Our final function is:
function get_sections($include_dir){
$filename = $include_dir . "sections.dat.php";
$datafile = fopen ($filename ,"r");
while ($sectioninfo = fscanf ($datafile, "%[0-9]|%[a-zA-Z0-9@&;:,. /!?-]|%[a-zA-Z0-9@&;:,. /!?-]|%[a-zA-Z]|%[a-zA-Z0-9@/?&;.+=-]|%[0-9]|%[0-9]|%[0-9]\n")) {
list($id, $name, $description, $language, $directory, $id_uplevel, $order, $hassubsection) = $sectioninfo;
// Show output
echo $id . "-" . $name. "-" . $description . "-" . $language . "-" . $directory . "-" . $id_uplevel . "-" . $order . "-" . $hassubsection . "<br>\n";
}
fclose($datafile);
}
The contents of sections.dat.php (for example):
1|home|Página principal de Fanhunter.|castellano|==|0|0|0
2|fanhunter|Sección principal dedicada al universo Fanhunter.|castellano|fanhunter/|1|0|0
3|outfan|Sección principal dedicada al universo Outfan.|castellano|outfan/|1|0|0
4|fanpiro|Sección principal dedicada al universo Fanpiro.|castellano|fanpiro/|1|0|0
5|tienda|La tienda de Fanhunter.|castellano|tienda/|1|0|0
6|the zone|Sección principal Miscelánea.|castellano|thezone/|1|0|0
7|flfcn|Sección principal dedicada a Fan Letal/Fan con Nata.|castellano|fanletal/|1|0|0
8|foro|Nuestro foro de discusión.|castellano|foro/|1|0|0
9|chat|Sección para chatear.|castellano|chat/|1|0|0
10|links|Sección recopilatoria de enlaces de interés a otras páginas.|castellano|links/|1|0|0
Note: The '==' in directory means no directory needed to be specified.

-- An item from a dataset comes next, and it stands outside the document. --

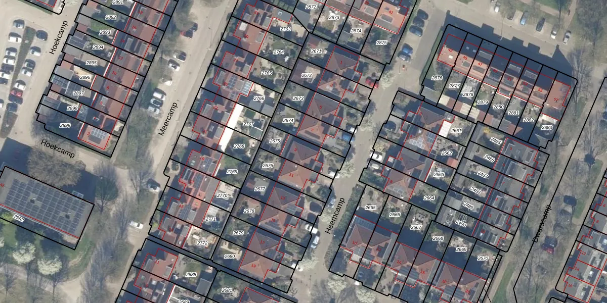 Het perceel waarop Heemcamp 9 staat heeft een oppervlakte van 220 m². Dit is een middelgroot perceel. De perceeloppervlakte wordt geregistreerd door het Kadaster. Gedetailleerde informatie over de maten van dit perceel kunt u vinden in het rapport Kadastrale kaart met maatvoering van Heemcamp 9.

Pay attention to linebreaks, as this forum puts some of them into the code I pasted.
Good luck guys.
fscanf works a little retardedly I've found. Instead of using just a plain %s you probably will need to use sets instead. Because it works so screwy compared to C/C++, fscanf does not have the ability to scan ahead in a string and pattern match correctly, so a seemingly perfect function call like:
fscanf($fh, "%s::%s");
With a file like:
user::password
Will not work. When fscanf looks for a string, it will look and stop at nothing except for a whitespace so :: and everything except whitespace is considered part of that string, however you can make it a little smarter by:
fscanf($fh, "%[a-zA-Z0-9,. ]::%[a-zA-Z0-9,. ]" $var1, $var2);
Which tells it that it can only accept a through z A through Z 0 through 9 a comma a period and a whitespace as input to the string, everything else cause it to stop taking in as input and continue parsing the line. This is very useful if you want to get a sentence into the string and you're not sure of exactly how many words to add, etc.
For C/C++ programmers.
fscanf() does not work like C/C++, because PHP's fscanf() move file pointer the next line implicitly.